Watch Our New Jury Honor Our Class of 2024 In This Announcement Video

Close

Winners

2015Lifetime Achievement

David Brion Davis

  • Born: 1927

David Brion Davis is a leading American intellectual and cultural historian, the author or editor of 16 books. Anisfield-Wolf-winning historian Ira Berlin observed that “no scholar has played a larger role in expanding contemporary understanding of how slavery shaped the history of the United States, the Americas and the world.”  And historian Drew Faust Gilpin, president of Harvard University, wrote in 2014 that Davis’ influence was deep, having changed “traditional approaches to intellectual history by embedding ideas in social and political action and institutions.”

Born in 1927 to a journalist and an artist in Denver, Davis spent much of his childhood on the move – a pattern that heightened his sense of contingency in life and history.
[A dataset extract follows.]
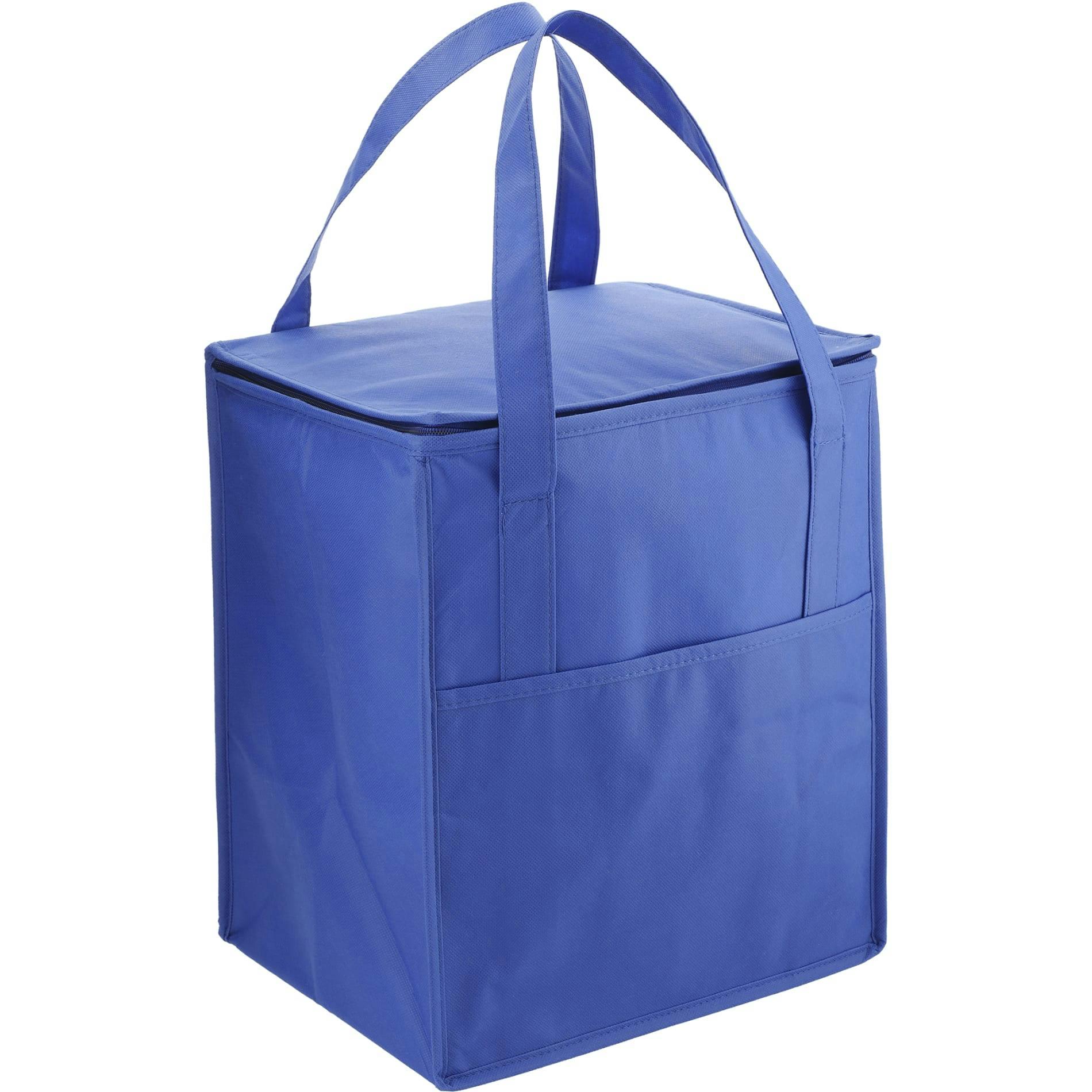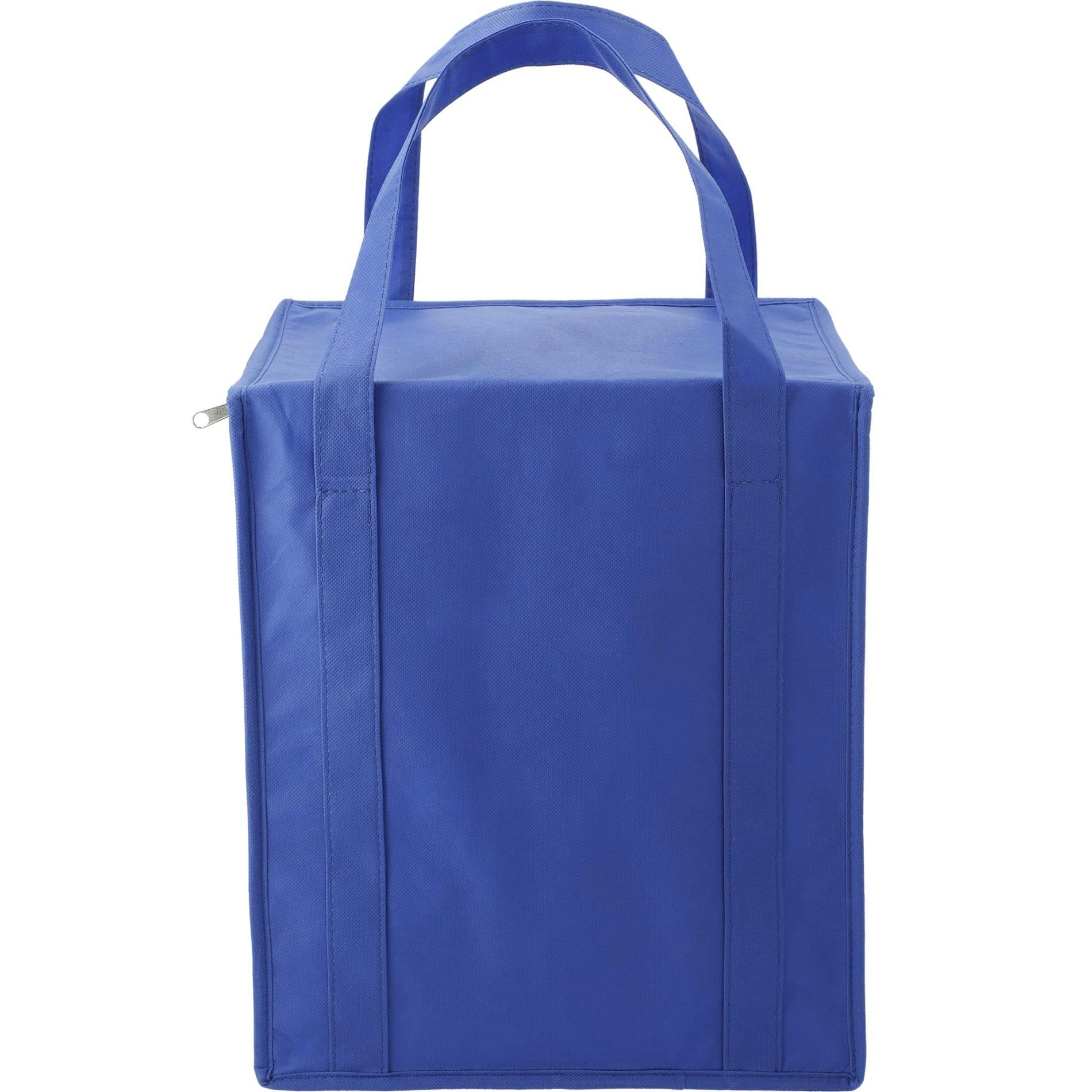 The Medium Flat Top Insulated Grocery Tote Bag features a large open main compartment and front slash pocket, plus a zippered closure and 22 pound weight capacity. Made from 80gsm non-woven polypropylene.

Before studying philosophy at Dartmouth College, he was drafted and put on a transport ship to Germany in 1945, which he describes in the preface to The Problem of Slavery in the Age of Emancipation:

“I was ordered to take a club, go down to the hold, and keep the ‘jiggaboos’ from gambling. In this highly segregated army, I never dreamed there were any black soldiers on the ship. But after descending a long winding staircase, I came upon what I imagined a slave ship would have looked like. Hundreds and hundreds of near-naked blacks together, many of them shooting craps.”
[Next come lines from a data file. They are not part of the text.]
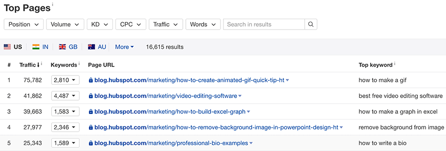 Đây là điều mà HubSpot đã thực hiện với nội dung trên blog của họ. Hãy xem các bài viết có hiệu suất cao nhất của họ thông qua Ahrefs: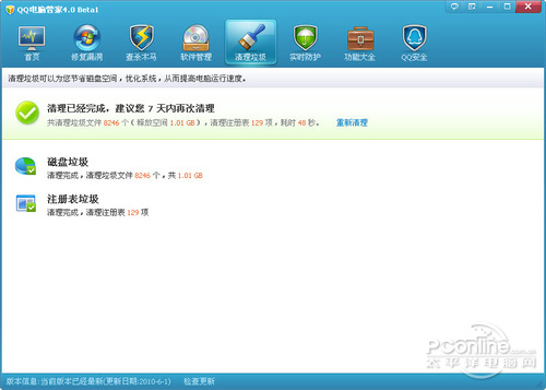 QQ电脑管家的“清理垃圾”功能也有了改变,新版采用了一键清理的操作方式,一键扫描并清理垃圾文件及注册表项目。注意的是★★★,一键清理★★★,用户按了清理键后就会完成垃圾文件的扫描与清理功能。虽然简化了一个步骤步,笔者认为还是提供一个确认选项为好。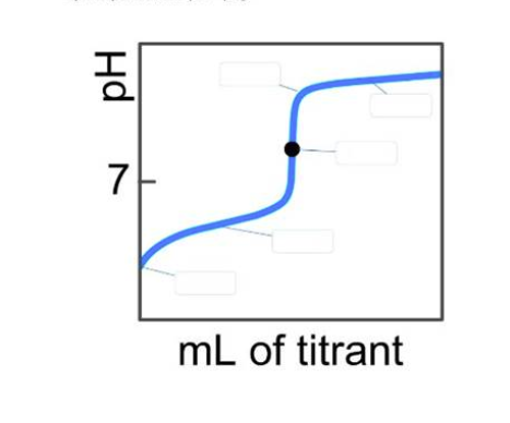On the weak acid/strong base titration curve below, label the following points. a) The point where the pH corresponds to a solution of the weak acid (HA) in water. b) The point where the pH corresponds to a solution of the conjugate base (A) in water. c) The point where pH = pK.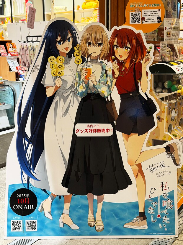 こちらは商店街の本館よりにあるお土産屋さん「十五万石MASARU」さんの店頭。愛媛県伊予市在住の苗川采さんが電撃マオウで連載中のコミックがアニメ化され、愛媛朝日テレビをはじめ全国ネットでオンエア中です!アニメのメインキャスト3人(左から近江汐莉(CV:石川由依)、八百歳比名子(CV:上田麗奈)、社美胡(CV:ファイルーズあい))の等身大パネルが展示されていました。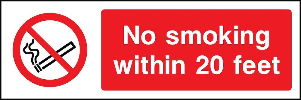 This red and white, smoking sign reminds employees, customers, and visitors that they are not to smoke within 20 feet of the sign's location.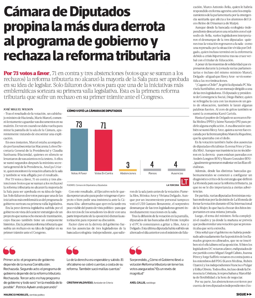 Duro revés para el Gobierno: Cámara de Diputados rechaza proyecto de reforma tributaria - (El Mostrador)

The teenage soldier disturbed no one below deck, but he was disturbed by the racist fury and speech he witnessed in the Army, and greatly impressed by a new book, An American Dilemma: The Negro Problem and Modern Democracy, which won the Anisfield-Wolf Book award for Gunnar Myrdal in 1945.

Once stateside, Davis graduated from Dartmouth summa cum laude and earned his doctorate in the history of American civilization at Harvard University. He taught at Cornell for 14 years, earning both an Anisfield-Wolf Book award and a Pulitzer Prize in 1967 for The Problem of Slavery in Western Culture, the first book in his seminal trilogy. In 1970, he joined the faculty of Yale.
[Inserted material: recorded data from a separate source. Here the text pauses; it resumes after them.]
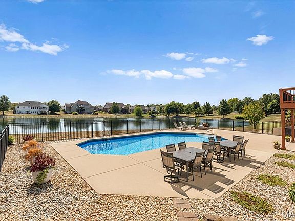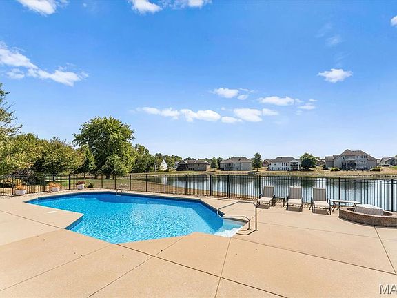 This is your opportunity to enjoy the best of lakeside living with a private inground saltwater pool in the desirable Braeswood Estates. Perfectly situated on a private lake lot in the O'Fallon School District (K-12) this home offers over 5,500 finished sqft of comfort and luxury for your family. The backyard is a private paradise with an incredible saltwater pool, large patio, and peaceful lake views. The home's full wall of windows floods the main living room with natural light. Inside, the open floor plan and hardwood floors create a bright and airy feel. The heart of the home is the inviting kitchen features a spacious island with bar seating, a breakfast area, and a cozy hearth room with a fireplace. The split-bdrm layout provides ultimate privacy for the primary master suite. 2 guest bdrms with a Jack-and-Jill bath, a half bath, separate, laundry room, dining room, formal living room and the massive 3 car garage complete the main level. The 4th bdrm (above the 3 car garage) is massive and can also serve as the perfect playroom or office. The finished walkout basement expands your living space with 9ft ceilings, a large rec room, wet bar, wine closet and a 5th bdrm with a pass-through full bath. A convenient half bath and oversized laundry room are ideal for pool guests. The basement also features 2 large unfinished areas for all of your storage needs! With a new roof installed in 2025, this home not only beautiful but also a smart investment for you and your family.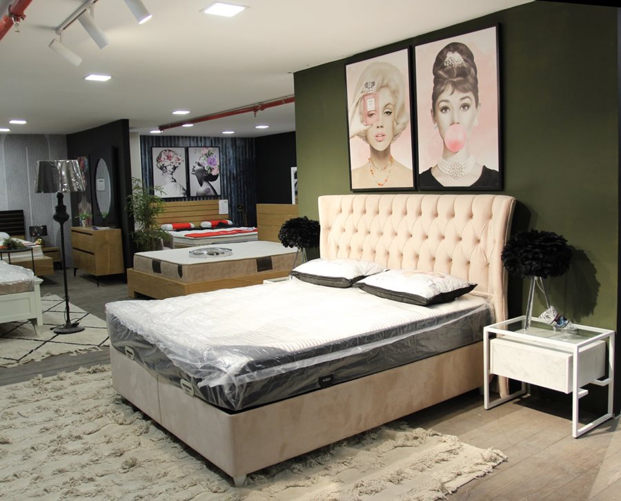 מגוון מיטות מרופדות כולל ארגזי מצעים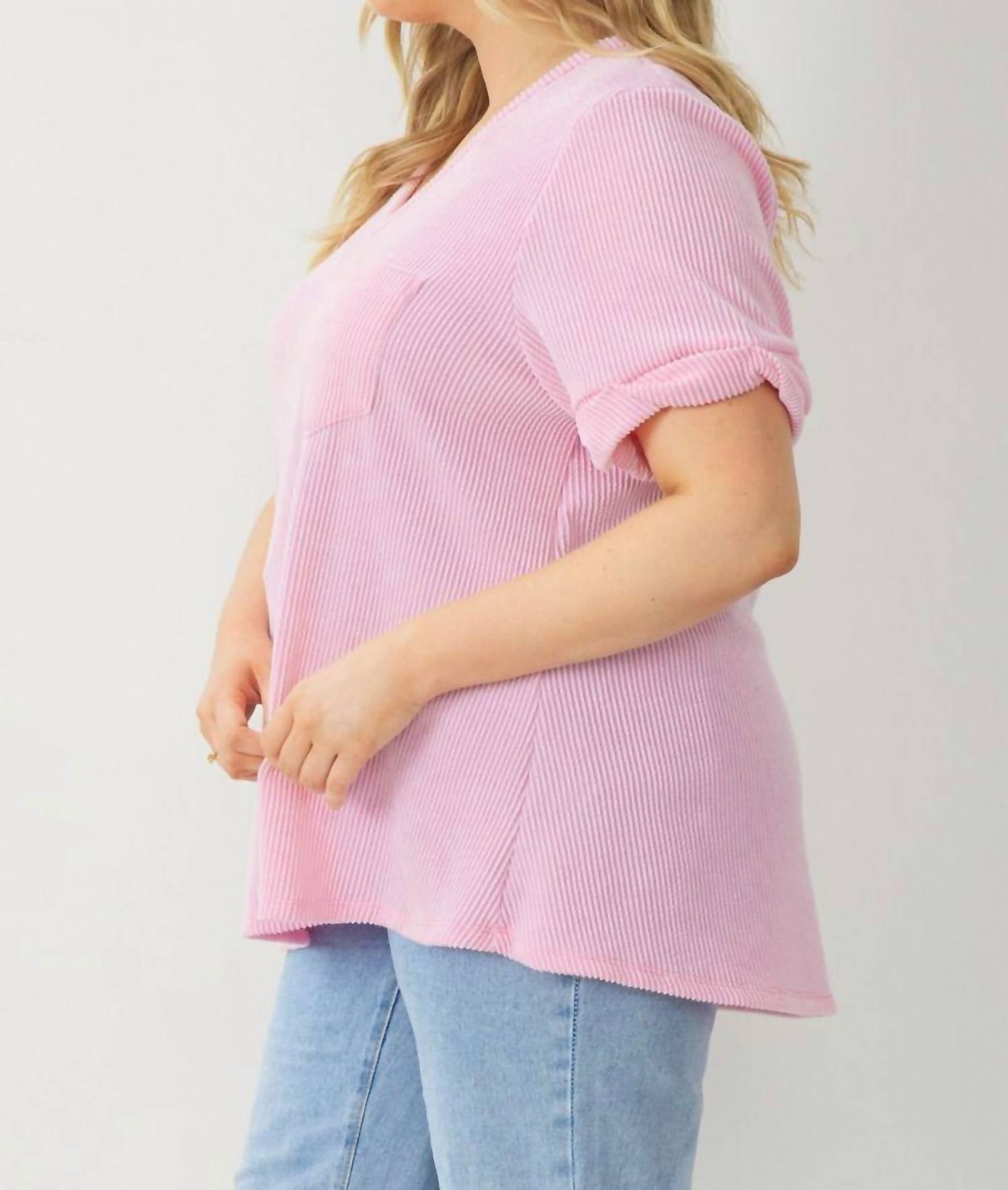 Não procure mais, você acabou de encontrar a camiseta perfeita! Esta camiseta com caimento relaxado é tão confortável que você vai querer usá-la o ano todo. A cor rosa suave é perfeita para a transição para a primavera. A camiseta tem decote em V e mangas curtas, punhos enrolados e bolso no busto. A camiseta não tem forro, é transparente e leve. Pegue seu short ou jeans e você está pronta para arrasar. 76% poliéster, 21% rayon, 3% elastano. A modelo tem 1,75 m e veste tamanho extra grande.

In awarding the National Book Critics Circle prize in 2015 for Davis’ final installment, The Problem of Slavery in the Age of Emancipation, the judges lauded the historian for “undermining mythologies of white superiority, black savagery, and passive black victimhood.” The critics congratulated Davis on the culmination of 50 years of scholarship and connecting “Toussaint L’Overture and Frederick Douglass to the human rights movements burgeoning in American today.”

Davis retired from Yale in 2001.  He lives in Connecticut.